* [PROVIDED MATERIAL]:
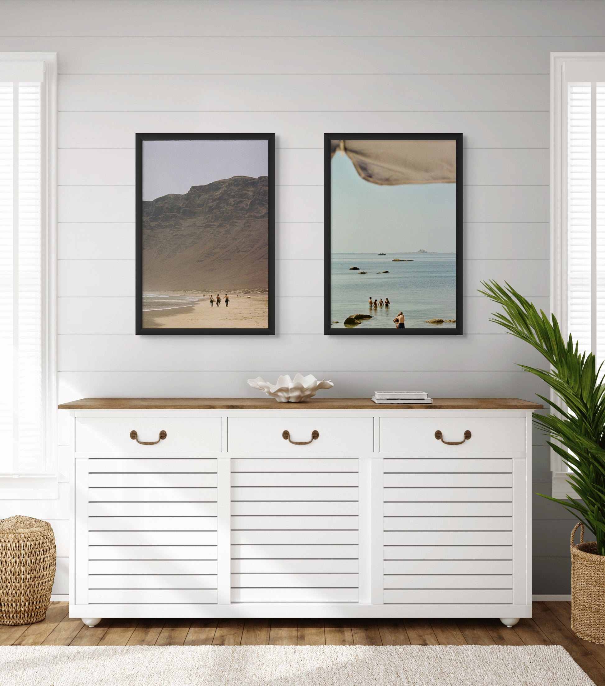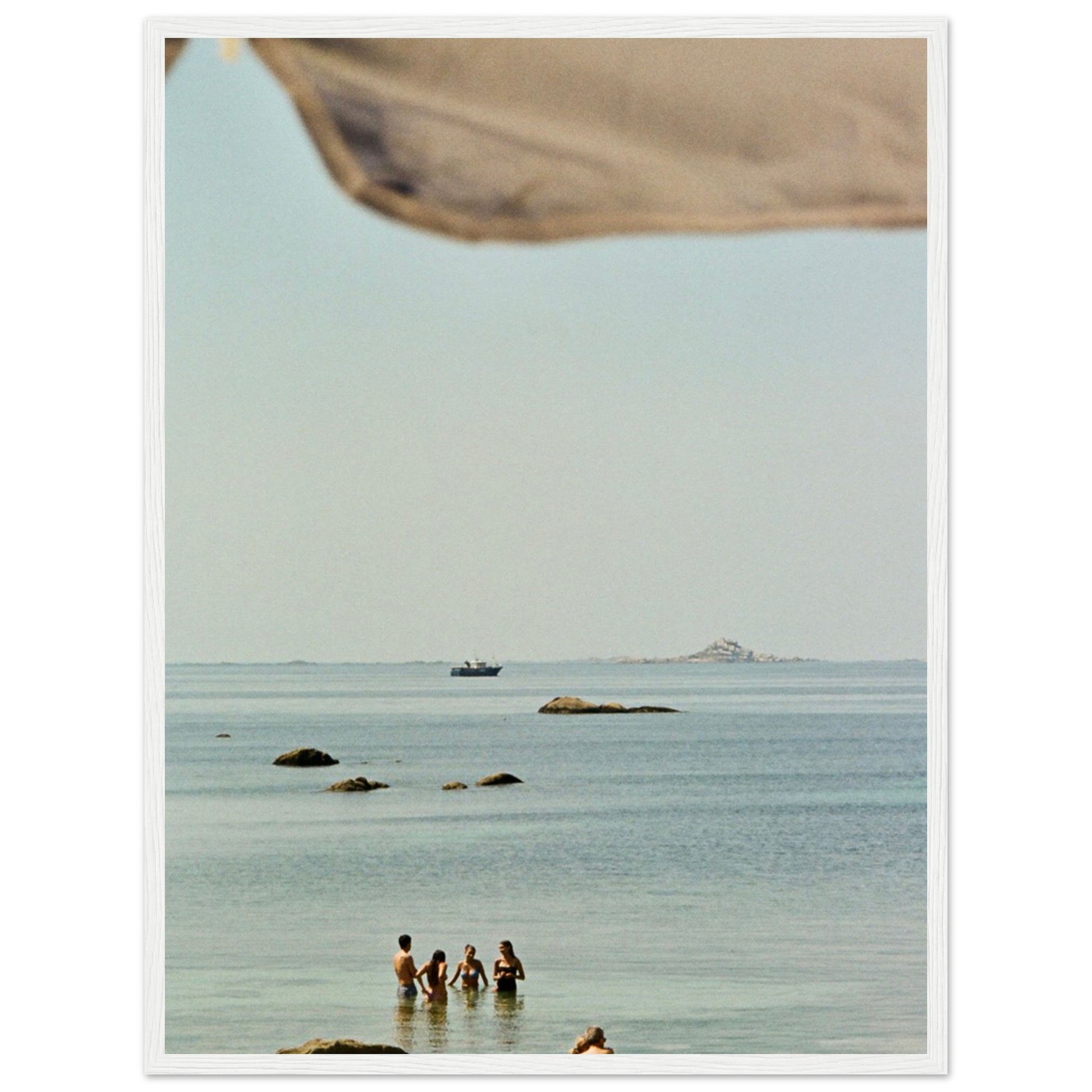 A peaceful Sunny Beach Day scene with a group of people standing in shallow water, surrounded by smooth rocks and calm sea. The soft colors and relaxed atmosphere of the image capture the essence of a quiet summer day by the water, perfect for creating a serene, beachy vibe in any space
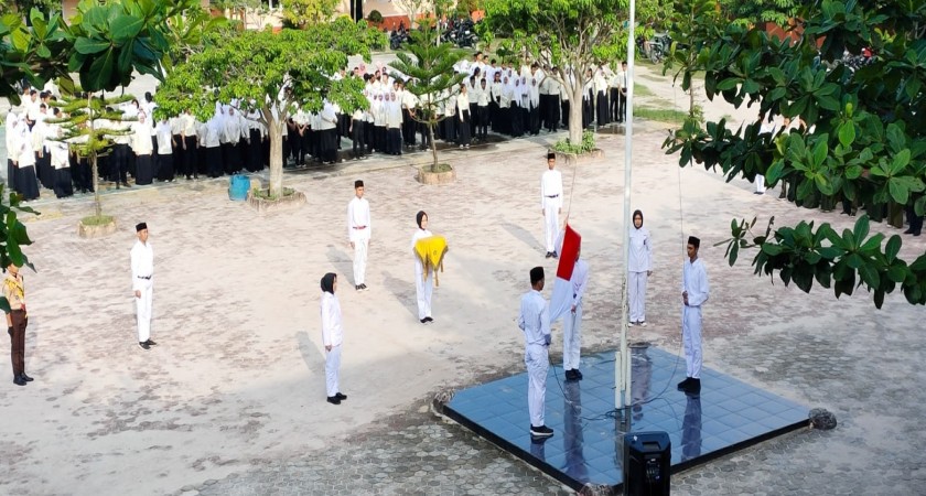 Kepala SMA NEGERI 3 MANDAU ASLIM, S.Pd, M.Pd, memimpin upacara dan menyampaikan pidato Menteri Pendidikan, Kebudayaan, Riset, dan Teknologi, Nadiem Anwar Makarim. Pidato tersebut berisi capaian transformasi selama tiga tahun terakhir di bidang pendidikan yang telah dicapai melalui program Merdeka Belajar.
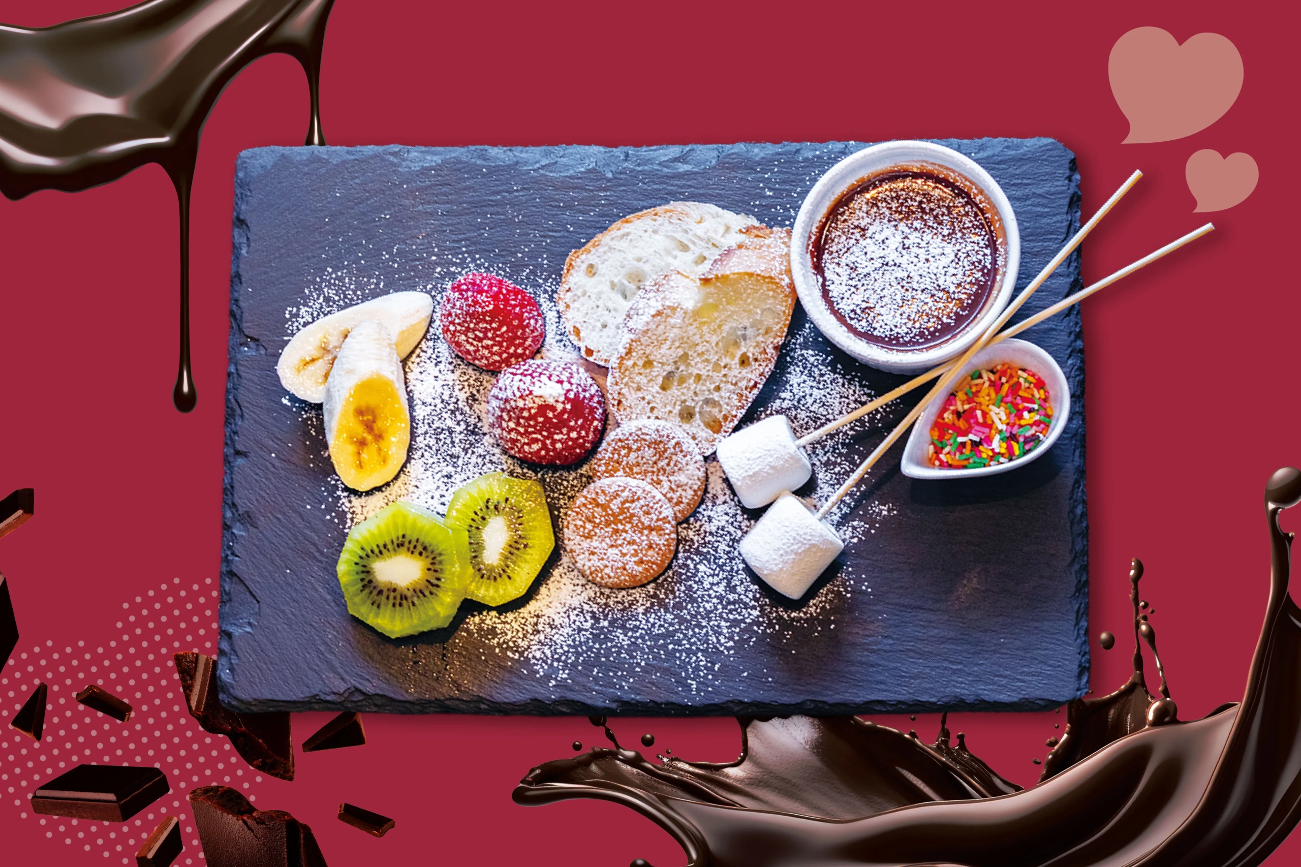 フルーツやパンをディップしながら、特別な日にふたりで楽しめるデザートです。
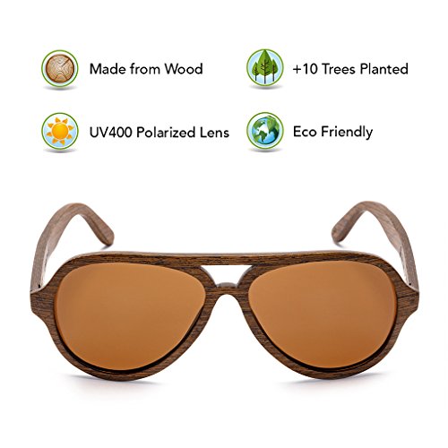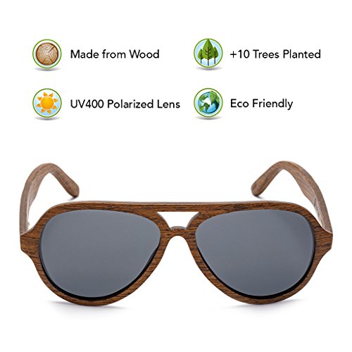 TREE TRIBE MISSION Tree Tribe is a lifestyle brand that represents the Earth. Our mission is to contribute to global positive impact projects, while making cool natural styles. For every pair of sunglasses sold, we plant 10 trees! Trees produce oxygen, help the environment, provide homes for wildlife, and boost the health of the planet. On a local level, the trees we plant provide food, shelter, and economy to local communities. We work with the most reputable organizations to plant trees with. NATURAL STYLE Whether you're in beach gear or suited up in the city, our natural aviators shine with unique style. Layered compressed wood in alternating colors adds style points, while polarized lenses and stainless steel flex hinges complete the glasses with a premium experience. HAND CRAFTED SUNGLASSES Each pair is assembled by hand after coloring and compressing the layers. We use high quality certified polarized lenses and flexible hinges that hyper-extend for a comfortable fit. Tree Tribe Aviators are super light weight and rest easily on your face. 100% SATISFACTION GUARANTEE We're serious about our quality - If you don't love our sunglasses, we'll gladly refund you. We offer a 100% money back guarantee on all purchases. INCLUDES - Authentic Tree Tribe Wooden Sunglasses - Microfiber Pouch - Bamboo Storage Case Check our full store at amazon.com/shops/treetribe 0 |

* [WORK ITEM]: Produce an exact copy of each line of data, skipping embedded images.

* [TASK SOLUTION]:
 A peaceful Sunny Beach Day scene with a group of people standing in shallow water, surrounded by smooth rocks and calm sea. The soft colors and relaxed atmosphere of the image capture the essence of a quiet summer day by the water, perfect for creating a serene, beachy vibe in any space
 Kepala SMA NEGERI 3 MANDAU ASLIM, S.Pd, M.Pd, memimpin upacara dan menyampaikan pidato Menteri Pendidikan, Kebudayaan, Riset, dan Teknologi, Nadiem Anwar Makarim. Pidato tersebut berisi capaian transformasi selama tiga tahun terakhir di bidang pendidikan yang telah dicapai melalui program Merdeka Belajar.
 フルーツやパンをディップしながら、特別な日にふたりで楽しめるデザートです。
 TREE TRIBE MISSION Tree Tribe is a lifestyle brand that represents the Earth. Our mission is to contribute to global positive impact projects, while making cool natural styles. For every pair of sunglasses sold, we plant 10 trees! Trees produce oxygen, help the environment, provide homes for wildlife, and boost the health of the planet. On a local level, the trees we plant provide food, shelter, and economy to local communities. We work with the most reputable organizations to plant trees with. NATURAL STYLE Whether you're in beach gear or suited up in the city, our natural aviators shine with unique style. Layered compressed wood in alternating colors adds style points, while polarized lenses and stainless steel flex hinges complete the glasses with a premium experience. HAND CRAFTED SUNGLASSES Each pair is assembled by hand after coloring and compressing the layers. We use high quality certified polarized lenses and flexible hinges that hyper-extend for a comfortable fit. Tree Tribe Aviators are super light weight and rest easily on your face. 100% SATISFACTION GUARANTEE We're serious about our quality - If you don't love our sunglasses, we'll gladly refund you. We offer a 100% money back guarantee on all purchases. INCLUDES - Authentic Tree Tribe Wooden Sunglasses - Microfiber Pouch - Bamboo Storage Case Check our full store at amazon.com/shops/treetribe 0 |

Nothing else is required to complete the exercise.